Social media giants ignore reported antisemitism, digital watchdog warns

International Center for Countering Digital Hate found “serious and systematic failure to tackle antisemitism” by companies including Facebook and TikTok.

The logo of social media giant Facebook. Photo credit: Dominic Lipinski/PA Wire

Antisemitic posts reported to social media companies in accordance with their guidelines are ignored, a leading watchdog has warned.

A report by the International Center for Countering Digital Hate (CCDH) found a “serious and systematic failure to tackle antisemitism” by large social media companies including Facebook, Twitter, Instagram, YouTube and TikTok.

Posts that were reported to the companies included conspiracy theories that blamed Jews for the COVID-19 pandemic or referred to the community as the “Illuminati” or “New World Order”.

It found that “platforms were particularly poor at acting on posts that denied or minimised the Holocaust, with 80 per cent of such posts receiving no enforcement action whatsoever”.

The Board of Deputies said the findings showed that social media companies were “failing” the Jewish community.

The report was based on the failure of big companies to deal with 84 percent of 714 antisemitic posts that were reported to moderators over a six-week period, from the 18 May to 29 June this year.

Anti-Jewish hatred on social media.

The posts, which reached millions of people, were reported to the companies via their official complaints system, according to the CCDH. Despite the reports, the companies failed to either remove the posts or close the accounts in 84 percent of cases.

Facebook acted on just 14 of 129 antisemitic posts (10.9 percent); Twitter acted on 15 of 137 (10.9 percent); TikTok on 22 of 119 (18.5 percent); Instagram on 52 of 277 (18.8 percent); and YouTube on 11 of 52 (21.2 percent)

A Facebook spokesperson told Jewish News: “While we have made progress in fighting antisemitism, our work is never done.
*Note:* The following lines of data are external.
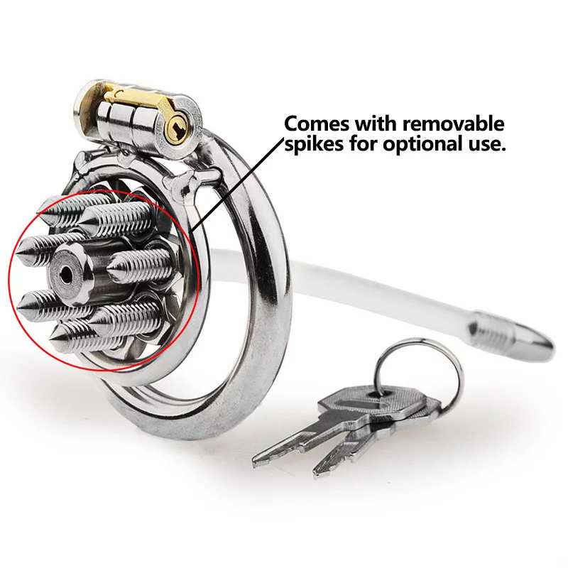 CATÉTER DE METAL CON PINCHOS PARA JAULA DE CASTIDAD PLANA
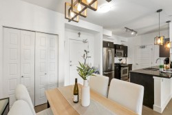 This bright, west-facing 2-bed, 2-bath home delivers a rare mix of privacy, comfort, and everyday convenience. The thoughtful split-bedroom layout creates great separation, while large windows frame calming views into lush greenspace. A stylish open kitchen with gas range and granite counters anchors the living area, and the bonus laundry room adds the storage every condo owner wishes for. Step onto the generous porch to unwind at sunset, or stroll to Willowbrook’s shopping, dining, parks, and upcoming SkyTrain—just minutes away. Centrally located yet tucked into a peaceful setting, this is modern Langley living with room to breathe.
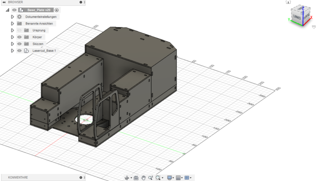 For me it was important that I’m able to cut most of the parts out of 3 mm plywood. I designed it to fit for that and only got some 3D printed parts and of course some screws and electronics. The first prototype was designed to be glued together but I’ve learned the lesson and because of instability I redesigned it for no glue and all screw.
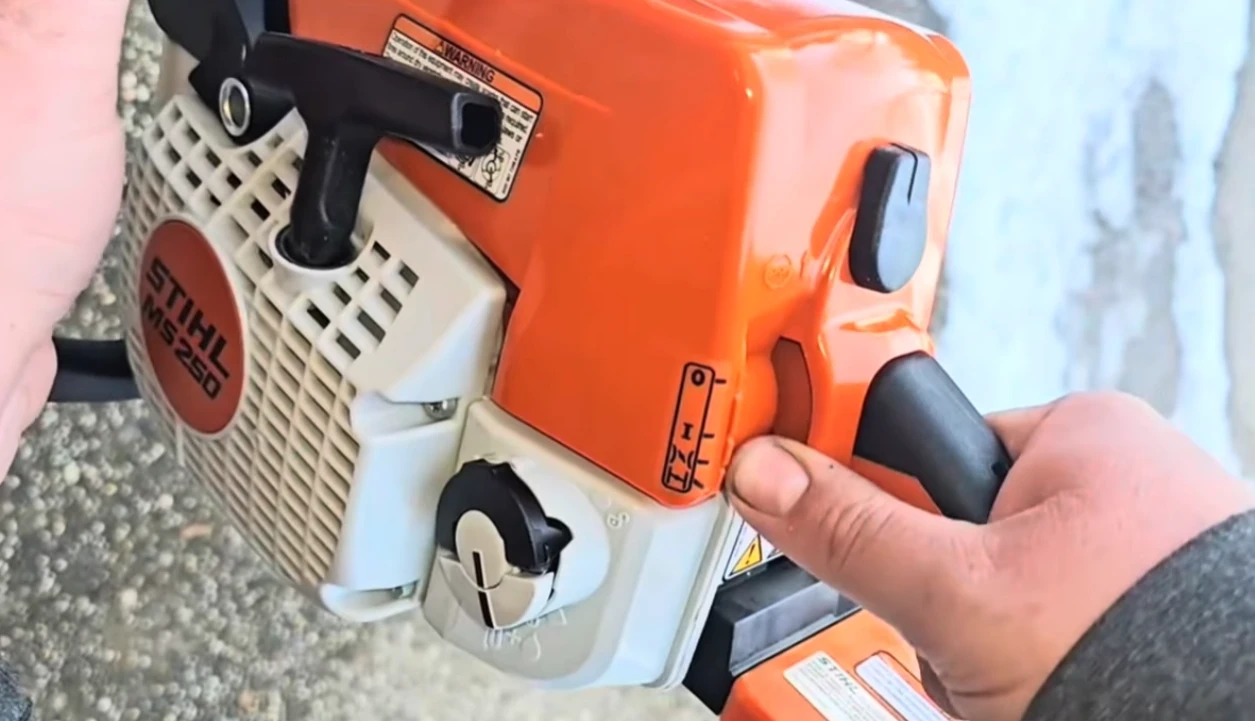 С бензопилой Stihl MS 250 логика запуска остается такой же, как у 170-й и 180-й. Рычажок здесь имеет те же четыре положения. Последовательность действий аналогичная. Но есть нюанс. У MS 250 объем движка побольше. Следовательно, при холодном запуске пила может потребовать на один-два рывка больше. Это нормально.
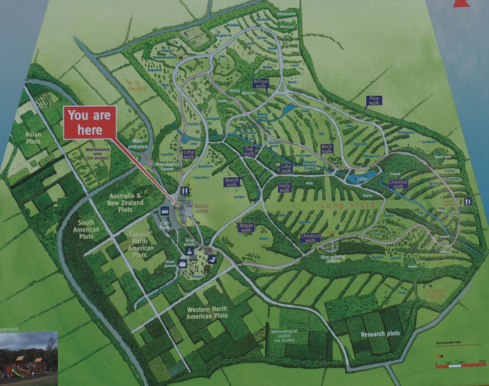 John F. Kennedy est mort assassiné à Dallas le novembre 1963. Son arrière grand-père, Patrick Kennedy (1823-1858) est né à Dunganstown, près de New Ross (Irelande, Comté de Wrexford) et, affamé, a quitté l'Irlande pour Boston en 1849. La nation irlandaise a voulu honorer la mémoire du défunt et de sa famille en créant un Arboretum de 252 ha à 10 min. du berceau familial, soit dans le Sud-Est de l'Irlande. Des fonds issus de dons privés ont rapidement été rassemblés et le parc a été inauguré en 1968. Il occupe un terrain de 252 ha au sommet et sur le flanc Sud de collines, bénéficiant d'un climat maritime et méridional idéal, sans gelées ou presque et sans sécheresses non plus. | ![]() |
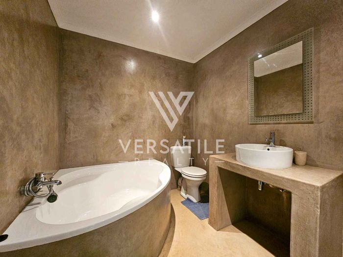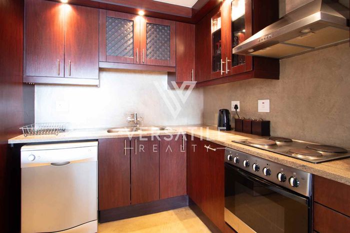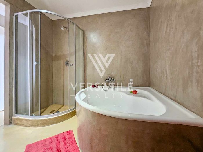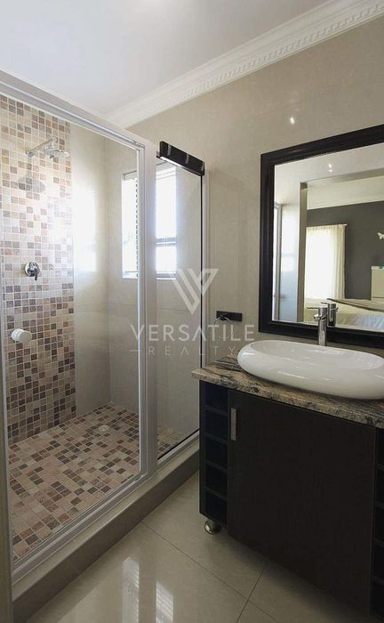 4 bedrooms, 4 en-suite bathrooms, 1 garage, 1 open parking, 200 m² beachfront unit with wooden deck.
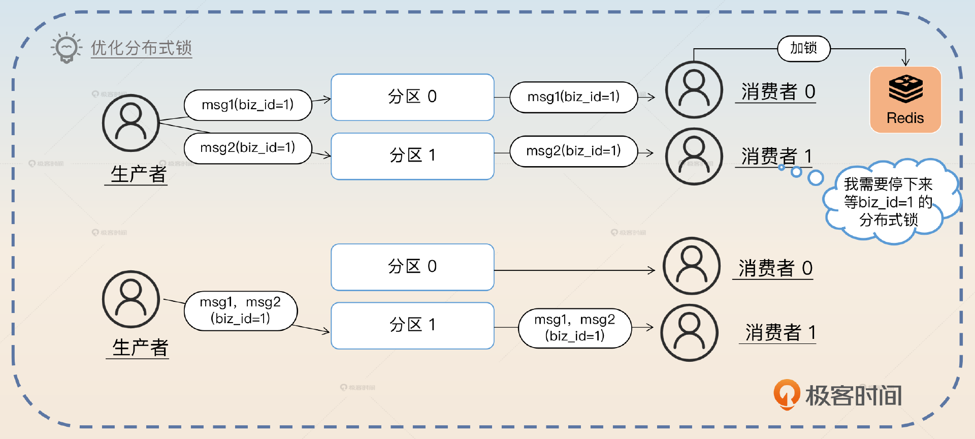 但是,实际上我们可以通过主动选择目标分区使相同的业务总是把消息发到同一个分区上,确保同一时间只有一个消费者处理一个业务的消息,这样就可以把分布式锁去掉。它带来的好处就是,当没有分布式锁的时候,也不会有消费者因为等待分布式锁而导致消费速率下降了。
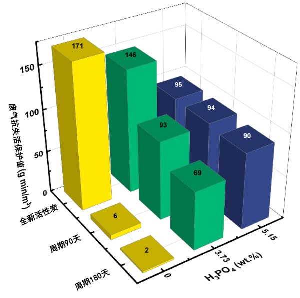 在实验条件下活性炭加速失活3个月和6个月,对比常态下的改性活性炭对抗废气的效果分别降低了59-89%和>75%。磷酸盐的添加抑制了活性炭的失活,失活3-6个月后防护值仅下降17~23%和32~37%。一般来说,与正常情况相比,保护后的活性炭可以提高吸附时长。其原因是失活后,特别是在没有添加剂的活性炭中,浸渍金属的化学吸附能力非常低。因此,废气的吸附主要通过物理吸附发生。干燥去除了占据物理吸附位点的水,从而能够通过物理吸附吸附一定量的废气。实际上,即使活性炭失活并超过其预期保质期,其保护能力也可能通过干燥而部分恢复。
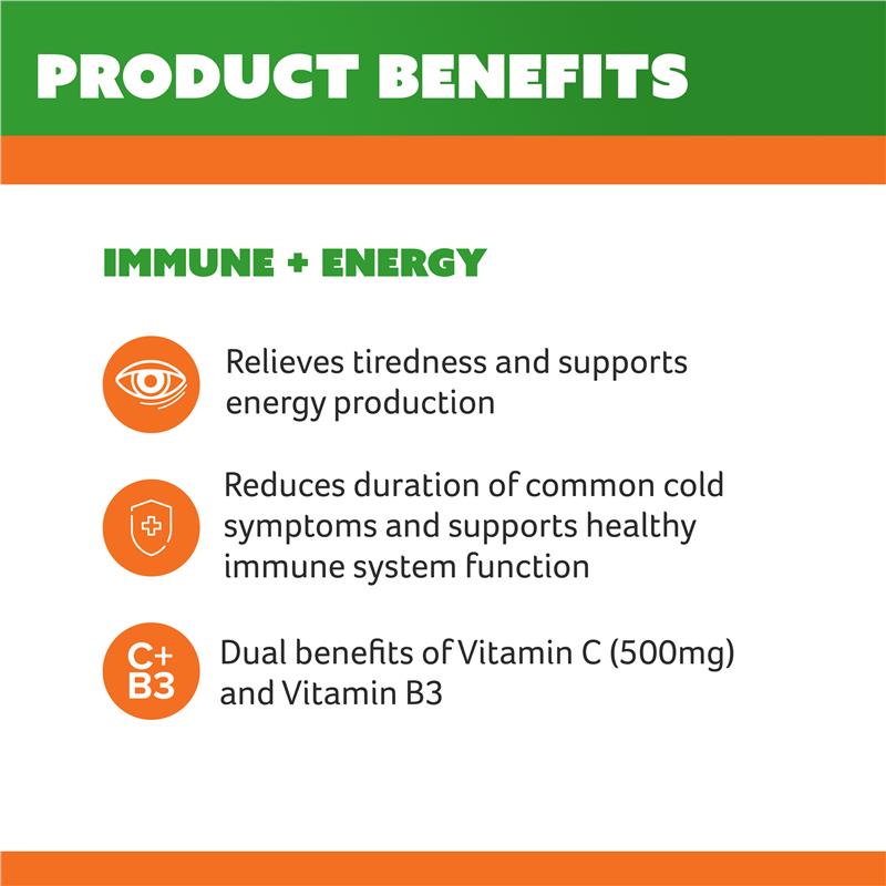 益处:益处:Cenovis® 咀嚼免疫+能量片含有维生素 C 500 毫克+维生素 B3,口感极佳,橙味咀嚼片,99% 无糖。• 支持健康的免疫系统功能并缓解疲劳

These reports do not account for the fact that we have taken action on 15 times the amount of hate speech since 2017, the prevalence of hate speech is decreasing on our platform and of the hate speech we remove, and 97 percent was found before someone reported it to us.

“Hate has no place on our platform, and given the alarming rise in antisemitism around the world, we have and will continue to take significant action through our policies by removing harmful stereotypes about Jewish people and content that denies or distorts the Holocaust, while educating people about it with authoritative information.”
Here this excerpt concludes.